## Problem description
Under this line is some data; print exactly the lines from the one containing "আপোনালোকৰ কলেজৰ পৰিবেশ" through its last line, without pictures.

## Dataset excerpt
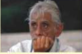
হীৰেণ ভট্টাচাৰ্য, কবি ১৫-১১-২০০৮

আপোনালোকৰ কলেজৰ পৰিবেশ বৰ ভাল লাগিছে। শিক্ষক-শিক্ষয়িত্ৰী সকলৰ লগত কথা পাতি ভাল লাগিল।
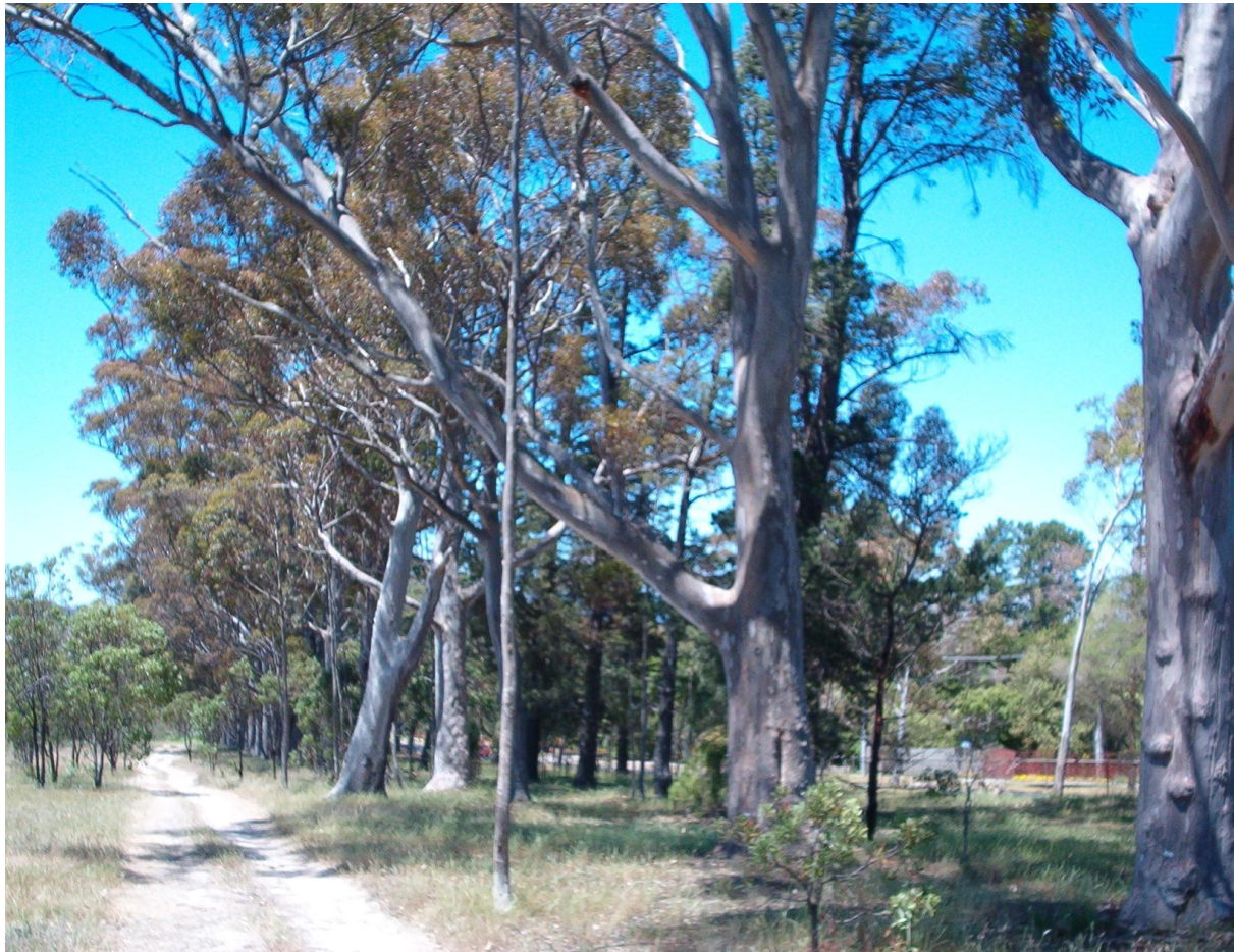
Above: The ornamental row of Eucalyptus cladocalyx , Avenue of Honour.

## Answer box
আপোনালোকৰ কলেজৰ পৰিবেশ বৰ ভাল লাগিছে। শিক্ষক-শিক্ষয়িত্ৰী সকলৰ লগত কথা পাতি ভাল লাগিল।
Above: The ornamental row of Eucalyptus cladocalyx , Avenue of Honour.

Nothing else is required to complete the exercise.